LeslieMac & VWG: We had a drunken discussion in a bar after work about 4 months after we met. VWG started going on about all the things he was looking for in a women (independent, intelligent, strong sense of self, funny). Leslie looked at him and said, I’m all those things - why aren’t we together? The rest is history.
What has been the response from your family and/or friends about your relationship?
They’re all for it.
LeslieMac: When we got engaged & one of my sisters met VeryWhiteGuy - She said to him. “I always knew Leslie was going to marry a white guy”. Not sure what that says about me, her or VWG - but there you go.
VWG: This was nothing out of the ordinary or unusual to my family.
Have you ever received a negative or strange comment as an interracial couple? If so, what was your reaction?
LeslieMac: The strangest thing that has happened over and over at the grocery store when these damn cashiers ask some variation of “is this all together” or “are you paying separately” & the like. DRIVES ME CRAZY. I mean no lady, I just let random white men empty my shopping cart & then start bagging it too… you SAW me put in the frequent shopping card #, he CALLED me BABE. Grrr.
VWG: I failed to disclose that fact that LeslieMac is black to a few friends pre-facebook days (yes we are old) & there were a few awkward moments where I didn’t know how to bring it up but realized it was well past the time to do so & a few of my friends gave me the old, “What the hell, why didn’t you tell me she was black.

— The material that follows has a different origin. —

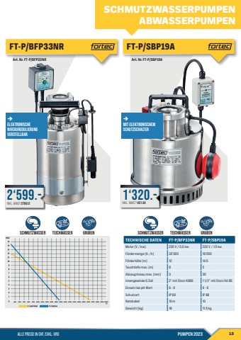 ALLE PREISE IN CHF, EXKL. VRG PUMPEN 2023 13Art. Nr. FT-P/SBP19AFT-P/SBP19ATECHNISCHE DATEN FT-P/BFP33NR FT-P/SBP19AMotor (V / kw) 230 V / 0.5 kw 230 V / 1.5 kwF%u00f6rdermenge (lt. /h) 33'000 19%u2018200 F%u00f6rderh%u00f6he (m) 12 14.5 Tauchtiefe max. (m) 8 5 Absaugniveau max. (mm) 3 30Innengewinde G Zoll 2%u201c mit Storz KA66 1 1/2%u201c mit Storz KA 66Einsatz bei pH-Wert 6 - 9 6 - 9Schutzart IP 68 IP 68Netzkabel 10 m 10Gewicht (kg) 18 11.5 kg%u2192Mit elektronischem SchutzschalterArt. Nr. FT-P/BFP33NRFT-P/BFP33NR%u2192ElektronischeNiveauregulierungverstellbarSchmutzwasser Teichwasser GRUBEN Schmutzwasser Teichwasser GRUBENSCHMUTZWASSERPUMPENABWASSERPUMPEN1%u2018320.-INKL. MWST 1421.642%u2018599.-INKL. MWST 2799.12

Not that there’s anything wrong with that.”
Ever tried the cuisine from your partners’ culture? If yes, what is your favourite dish?
LeslieMac: My family is from Jamaica, his is from… white people? They don’t have a cuisine to speak of. One Christmas at his mother’s she made a roast & Yorkshire pudding. Have you every seen this? It’s crescent roll with beef drippings all in it. Disgusting.
VeryWhiteGuy: I love my Mom’s Yorkshire Pudding, but not nearly as much as I love my MIL’s Jamaican food. Especially her Stewed Peas & Rice.
What stereotype(s) have you found to be TRUE and/or FALSE with your partner? (optional)
LeslieMac:
- TRUE: He has no rhythm, despite playing the harmonica quite well.
- TRUE: He has zero fear of the police - is indignant with them even.
- FALSE: He DOES NOT smell like wet dog in the rain.
- FALSE: He is VERY FUNNY & no vanilla at all.
VeryWhiteGuy:
- TRUE: She don’t play.
- TRUE: She DOES NOT like when people touch her hair. (I have privileges).
- TRUE: She can dance circles around me.
- FALSE: She is NOT ANGRY.
What do you think is the key to a strong relationship?
LeslieMac: Communication & Laughter
VeryWhiteGuy: Honest communication with yourself & each other. Compromise.
What is the best advice you have ever received from your BF/GF/Wife/Husband?
LeslieMac: Whenever he tells me he is proud of me, I think I’ve done a good job & that he truly means it. Not sure if that is advice, but it gets me through.
VWG: To look at the bigger picture & not worry about the little crap.
@LeslieMac and @VeryWhiteGuy host a podcast @InterracialJawn “an interracial couple (that would be US) discuss pop culture, tv, movies and current events from their unique perspectives as a very white guy and a mostly black woman. Visit www.interracialjawn.com have a listen to their show and let them know you found them here.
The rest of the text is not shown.